Exercise material: Begin

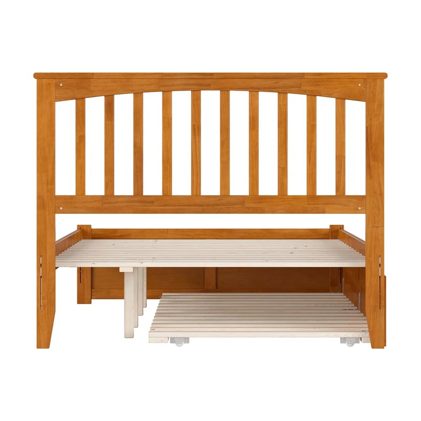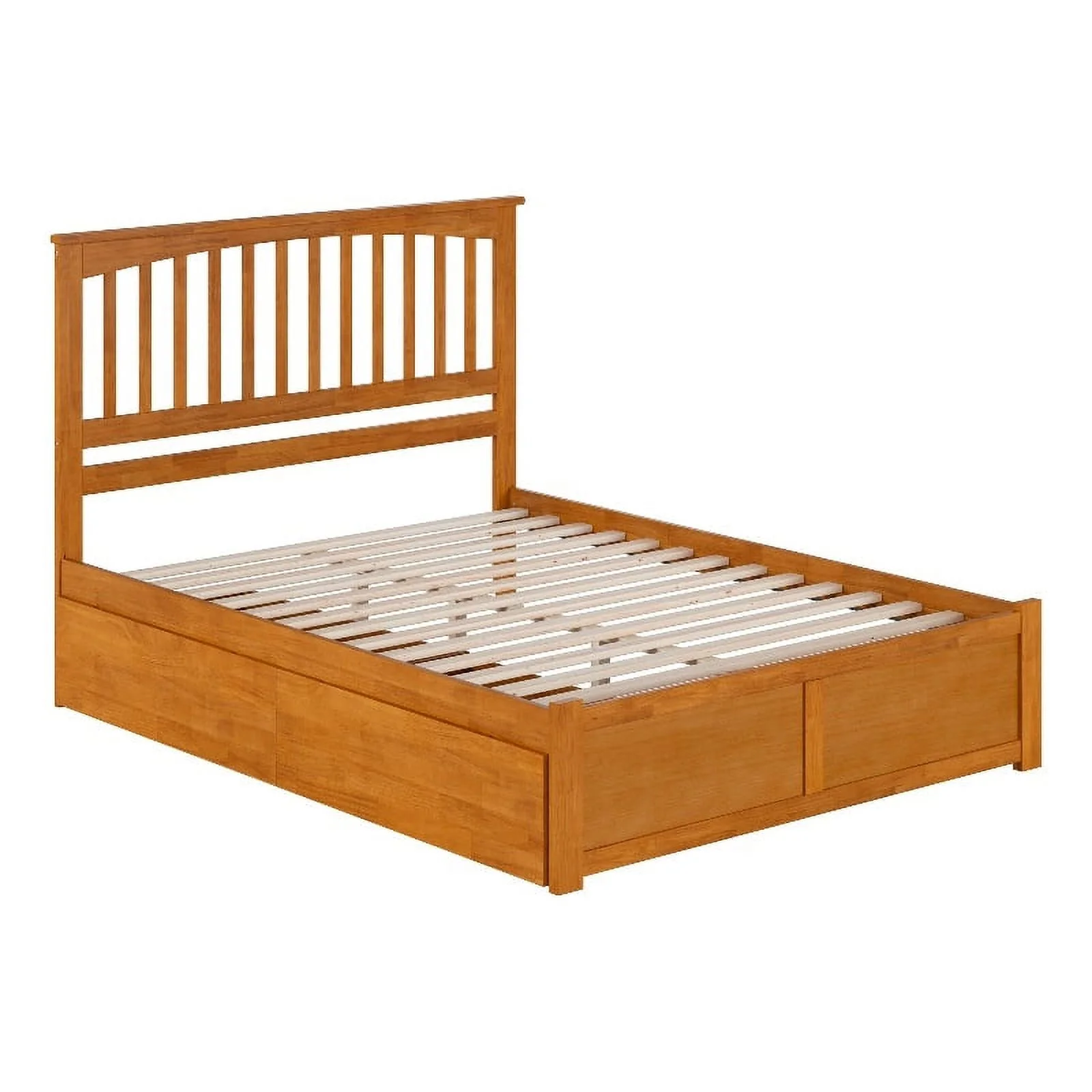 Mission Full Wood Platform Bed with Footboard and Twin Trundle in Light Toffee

Exercise material: End
Exercise material: Begin

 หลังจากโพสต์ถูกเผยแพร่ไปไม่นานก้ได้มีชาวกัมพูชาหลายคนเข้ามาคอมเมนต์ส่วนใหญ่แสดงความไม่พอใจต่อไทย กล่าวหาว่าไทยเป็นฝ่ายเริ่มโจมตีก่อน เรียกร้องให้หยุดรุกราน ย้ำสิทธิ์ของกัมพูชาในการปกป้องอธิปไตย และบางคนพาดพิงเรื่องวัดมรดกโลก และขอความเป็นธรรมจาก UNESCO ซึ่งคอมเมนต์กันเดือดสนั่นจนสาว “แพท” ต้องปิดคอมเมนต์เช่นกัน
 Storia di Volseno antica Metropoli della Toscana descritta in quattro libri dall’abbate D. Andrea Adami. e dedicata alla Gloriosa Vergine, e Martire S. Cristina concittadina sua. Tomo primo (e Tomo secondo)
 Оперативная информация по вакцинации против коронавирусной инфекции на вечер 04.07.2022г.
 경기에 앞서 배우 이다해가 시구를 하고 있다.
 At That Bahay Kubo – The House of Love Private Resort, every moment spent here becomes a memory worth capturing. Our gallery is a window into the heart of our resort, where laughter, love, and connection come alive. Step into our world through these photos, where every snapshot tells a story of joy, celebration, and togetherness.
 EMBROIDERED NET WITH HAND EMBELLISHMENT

Exercise material: End

**Activity**
Your task for the entries above: copy exactly the span starting with the line with "Оперативная информация по" and going on through the line with "경기에 앞서 배우 이다해가 시구를 하고 있다.", both lines included, and nothing else.

**Response to the exercise**
 Оперативная информация по вакцинации против коронавирусной инфекции на вечер 04.07.2022г.
 경기에 앞서 배우 이다해가 시구를 하고 있다.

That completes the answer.